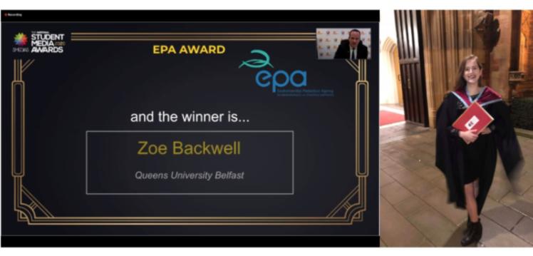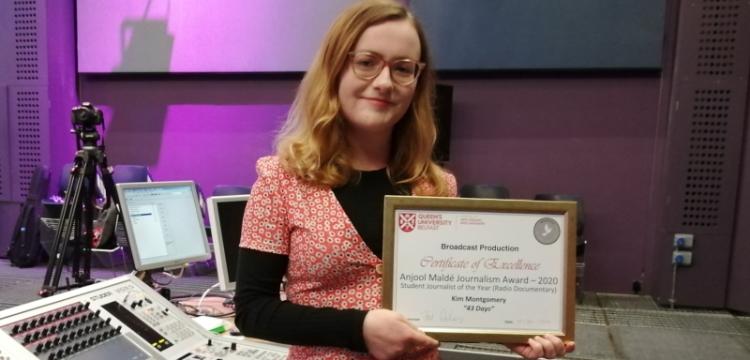 Kim Montgomery receive the prestegious Anjool Maldé Journalism prize for her work ‘43 Days’, which was produced as part of her Masters in Media and Broadcast Production 2019/20.
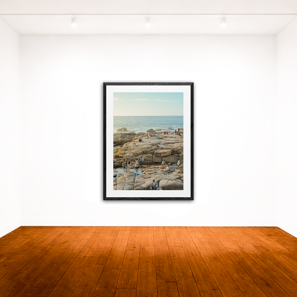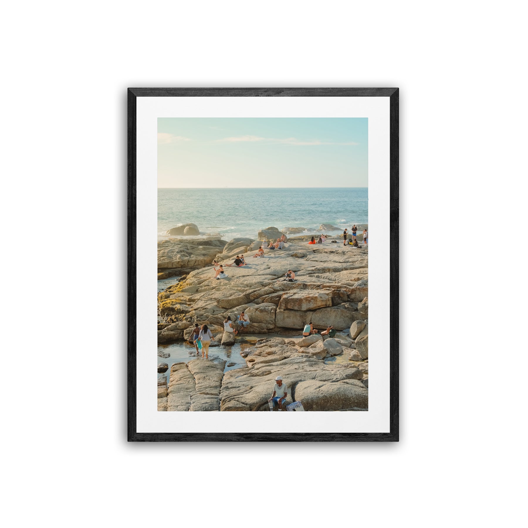 Each print is surrounded by an 80mm white border (mat) and finished with a 35mm frame. This results in the following final framed sizes:
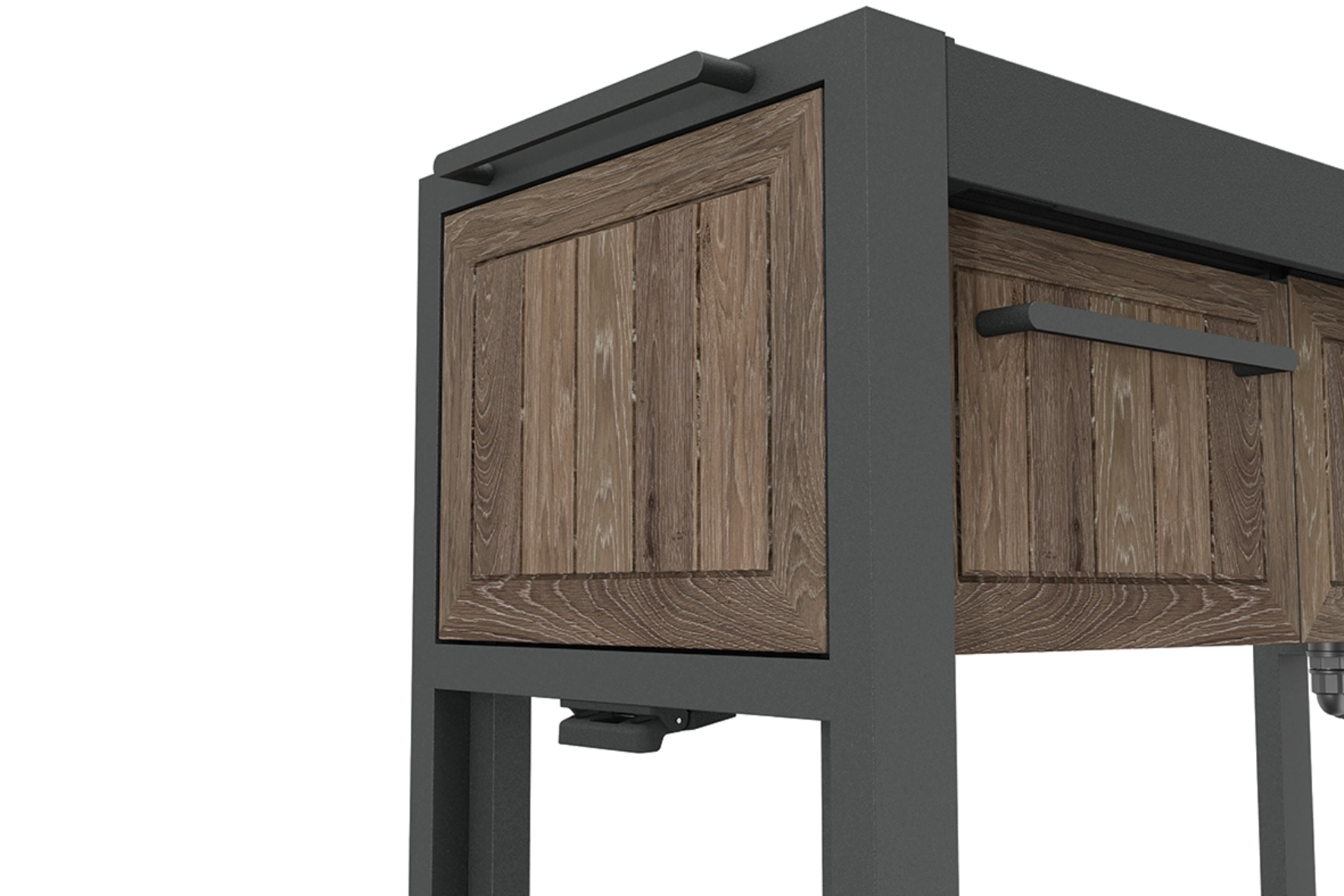 A Deco Hosting egyetlen mozdulattal átalakítható: a polcok oldal irányba kihúzhatók, további helyet teremtve harapnivalóknak, italoknak és dekorációknak – tökéletesek bármilyen alkalomra.
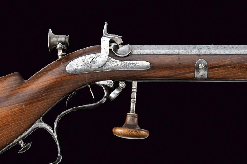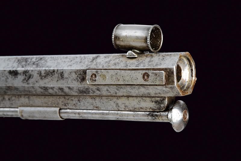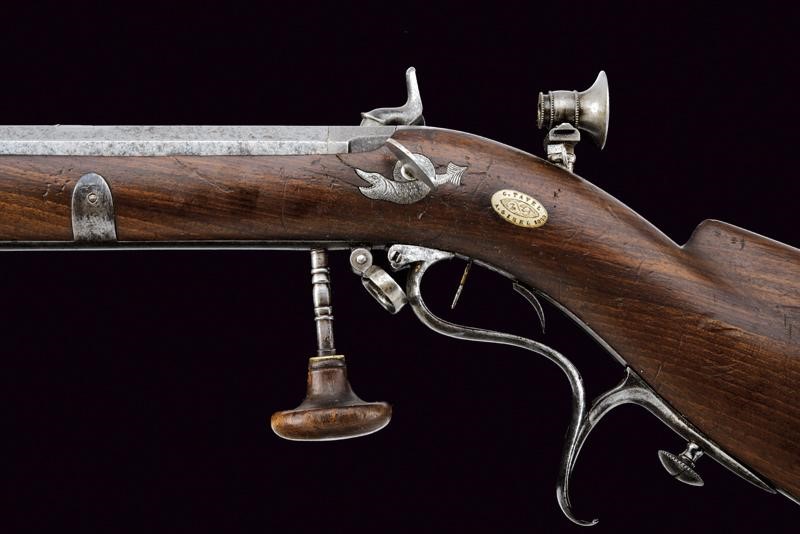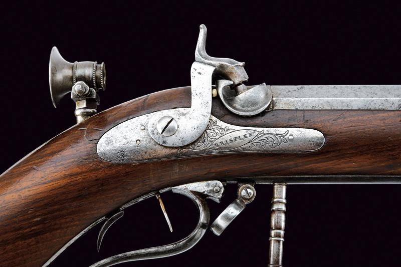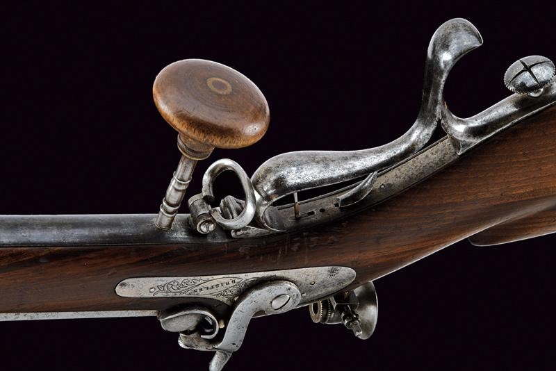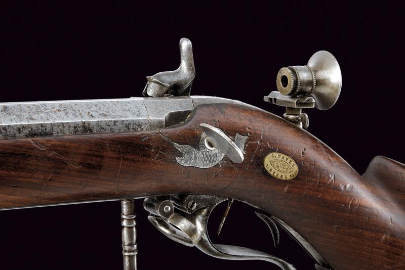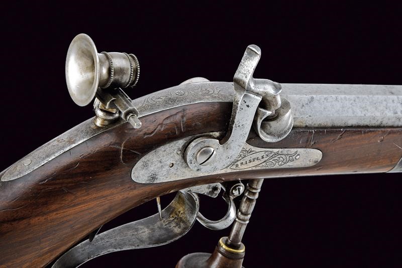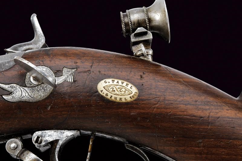 Rifled, octagonal, 11 mm cal barrel (needs cleaning) signed ‘BRISTLEN A MORGES’ at the base (breech with a missing part), provided with foresight and clutch for the bayonet. Slightly engraved tang provided with peep sight. Backward spring lock with plate slightly engraved with floral motifs, signed ‘BRISTLEN’. Working mechanism. Wooden half stock. Iron mounts. Set trigger. Quick release screws. Trigger guard with finger support, in front of it is the wooden pommel mounted on an iron support. Elliptical shield near the counterplate marked ‘G. TAVEL /A. GIMEL 1850’. Iron ramrod and brass base for the cartridge extractor.
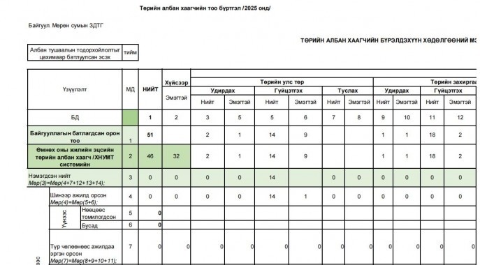 - Шилэн дансны хөтлөлт, хэрэгжилт, аудитын тайлан, зөвлөмжийн дагуу авч хэрэгжүүлсэн арга хэмжээний мэдээлэл
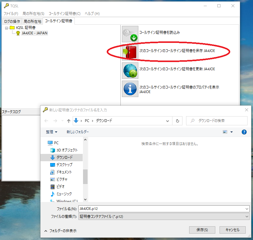 パソコントラブルなどでTQSLの再インストールを行う場合に備えて、コールサイン証明書(.p12)を保存しておくと良いです。
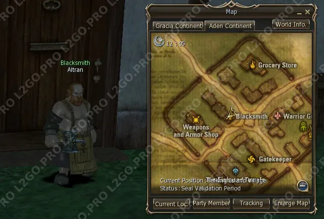 С рекомендацией Valkon отправляйтесь в Talking Island Village к Blacksmith Altran. Он находится в кузнице деревни.
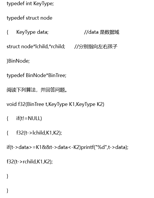 已知二叉排序树结点的数据类型定义及二叉排序树的某个算法f32()如下。typedef struct node{ int data
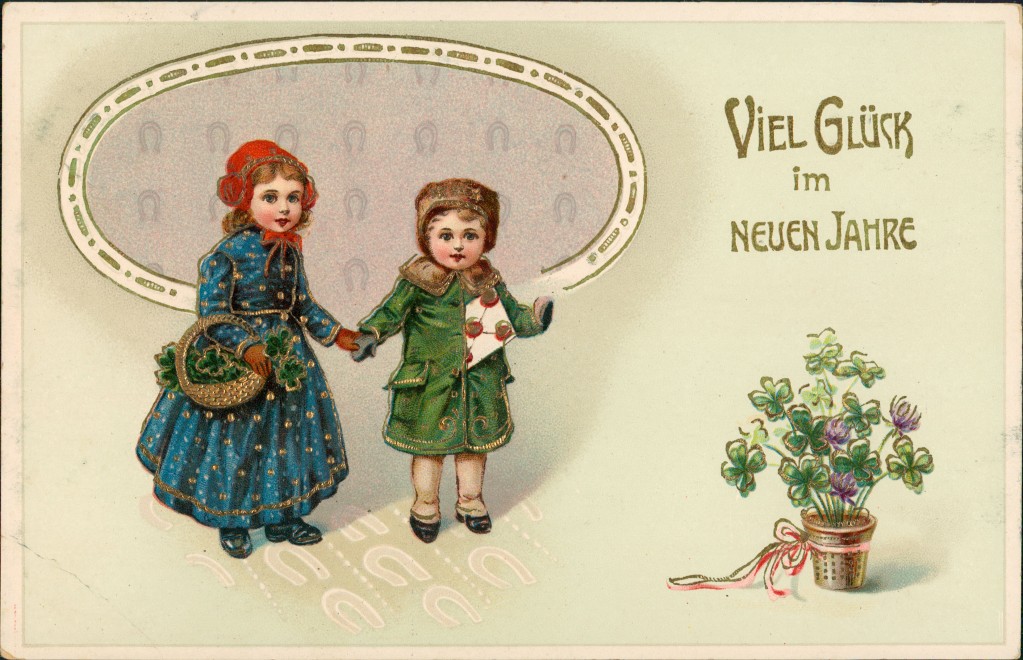 Postcart: Glückwunsch Neujahr Silvester 2 Kinder Glück Neues Jahr
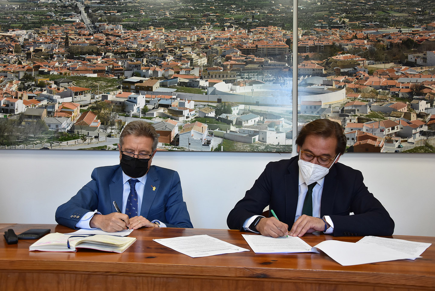 Formalizada la firma del acta de cesión de las travesías desde la entrada de la A-92 hasta intersección con carretera de Granada y de la rotonda de carretera de Murcia con Corredera. El alcalde de Baza, Manolo Gavilán, y el delegado provincial de Fomento, Infraestructuras, Ordenación del Territorio, Cultura y Patrimonio Histórico en Granada, Antonio Jesús Granados, han formalizado hoy jueves en el Ayuntamiento el acta de cesión de las travesías de Baza Carretera A-92NR2 (ramal a Baza Norte) del punto kilométrico 0 al 1’740 y de Carretera GR-780 (de Baza por calle Agua) del punto kilométrico 0 al 0’500. De esta forma, la delegación cede la titularidad de ambos tramos de carretera al Ayuntamiento.
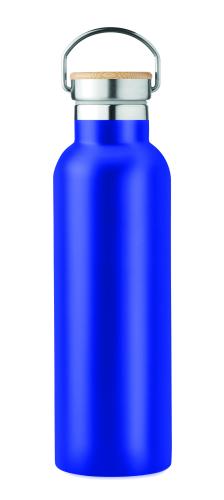 Double wall Stainless Steel insulating vacuum flask with bamboo lid and carry handle. Capacity: 750 ml. Leak free. Bamboo is a natural product, there may be slight variations in colour and size per item, which can affect the final decoration outcome.
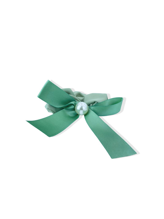 Green hair elastic with bow and pearl
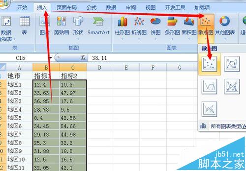 2、选择B:C两列数据,不要带标题部分,插入散点图:
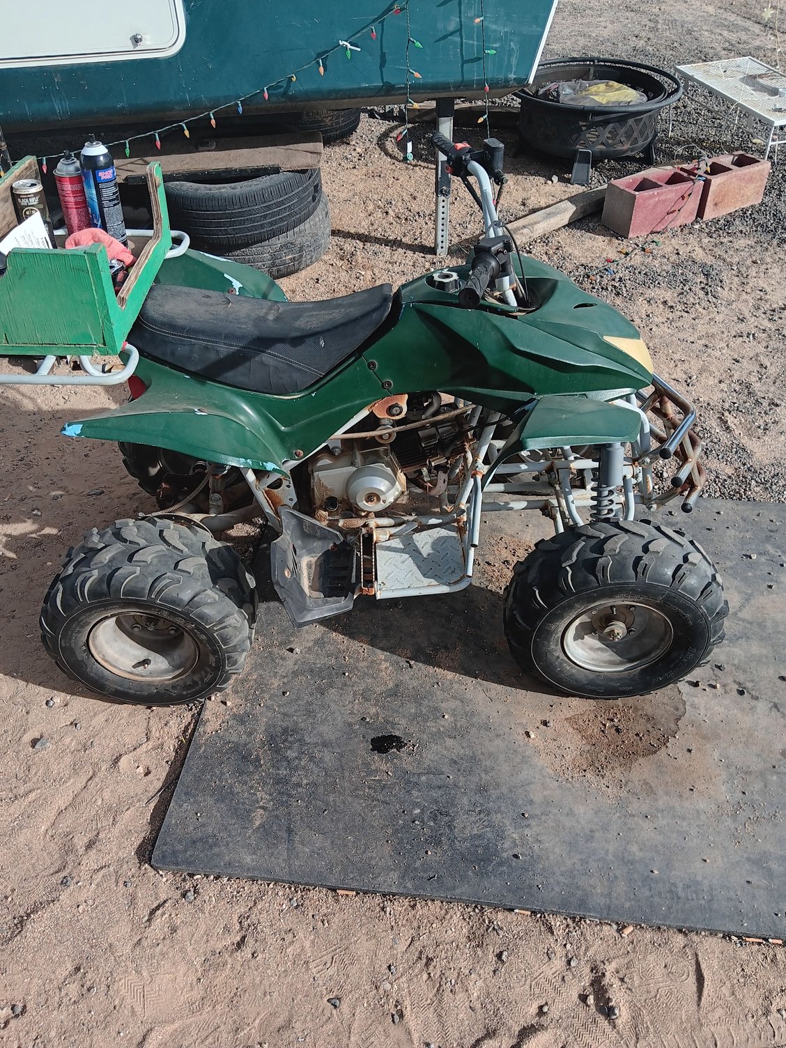 Those front shock mountings are fairly unusual, seems to have two alternative top mountings. Otherwise, the standard plastics and Honda Cub clone engine are used by many makers. Pity someone painted the plastics, it never sticks to the soft plastic used on ATVs, for long.

----

Leave out the pictures and give the rest of the material again, unaltered.

*Problem solution*.
 Kim Montgomery receive the prestegious Anjool Maldé Journalism prize for her work ‘43 Days’, which was produced as part of her Masters in Media and Broadcast Production 2019/20.
 Each print is surrounded by an 80mm white border (mat) and finished with a 35mm frame. This results in the following final framed sizes:
 A Deco Hosting egyetlen mozdulattal átalakítható: a polcok oldal irányba kihúzhatók, további helyet teremtve harapnivalóknak, italoknak és dekorációknak – tökéletesek bármilyen alkalomra.
 Rifled, octagonal, 11 mm cal barrel (needs cleaning) signed ‘BRISTLEN A MORGES’ at the base (breech with a missing part), provided with foresight and clutch for the bayonet. Slightly engraved tang provided with peep sight. Backward spring lock with plate slightly engraved with floral motifs, signed ‘BRISTLEN’. Working mechanism. Wooden half stock. Iron mounts. Set trigger. Quick release screws. Trigger guard with finger support, in front of it is the wooden pommel mounted on an iron support. Elliptical shield near the counterplate marked ‘G. TAVEL /A. GIMEL 1850’. Iron ramrod and brass base for the cartridge extractor.
 - Шилэн дансны хөтлөлт, хэрэгжилт, аудитын тайлан, зөвлөмжийн дагуу авч хэрэгжүүлсэн арга хэмжээний мэдээлэл
 パソコントラブルなどでTQSLの再インストールを行う場合に備えて、コールサイン証明書(.p12)を保存しておくと良いです。
 С рекомендацией Valkon отправляйтесь в Talking Island Village к Blacksmith Altran. Он находится в кузнице деревни.
 已知二叉排序树结点的数据类型定义及二叉排序树的某个算法f32()如下。typedef struct node{ int data
 Postcart: Glückwunsch Neujahr Silvester 2 Kinder Glück Neues Jahr
 Formalizada la firma del acta de cesión de las travesías desde la entrada de la A-92 hasta intersección con carretera de Granada y de la rotonda de carretera de Murcia con Corredera. El alcalde de Baza, Manolo Gavilán, y el delegado provincial de Fomento, Infraestructuras, Ordenación del Territorio, Cultura y Patrimonio Histórico en Granada, Antonio Jesús Granados, han formalizado hoy jueves en el Ayuntamiento el acta de cesión de las travesías de Baza Carretera A-92NR2 (ramal a Baza Norte) del punto kilométrico 0 al 1’740 y de Carretera GR-780 (de Baza por calle Agua) del punto kilométrico 0 al 0’500. De esta forma, la delegación cede la titularidad de ambos tramos de carretera al Ayuntamiento.
 Double wall Stainless Steel insulating vacuum flask with bamboo lid and carry handle. Capacity: 750 ml. Leak free. Bamboo is a natural product, there may be slight variations in colour and size per item, which can affect the final decoration outcome.
 Green hair elastic with bow and pearl
 2、选择B:C两列数据,不要带标题部分,插入散点图:
 Those front shock mountings are fairly unusual, seems to have two alternative top mountings. Otherwise, the standard plastics and Honda Cub clone engine are used by many makers. Pity someone painted the plastics, it never sticks to the soft plastic used on ATVs, for long.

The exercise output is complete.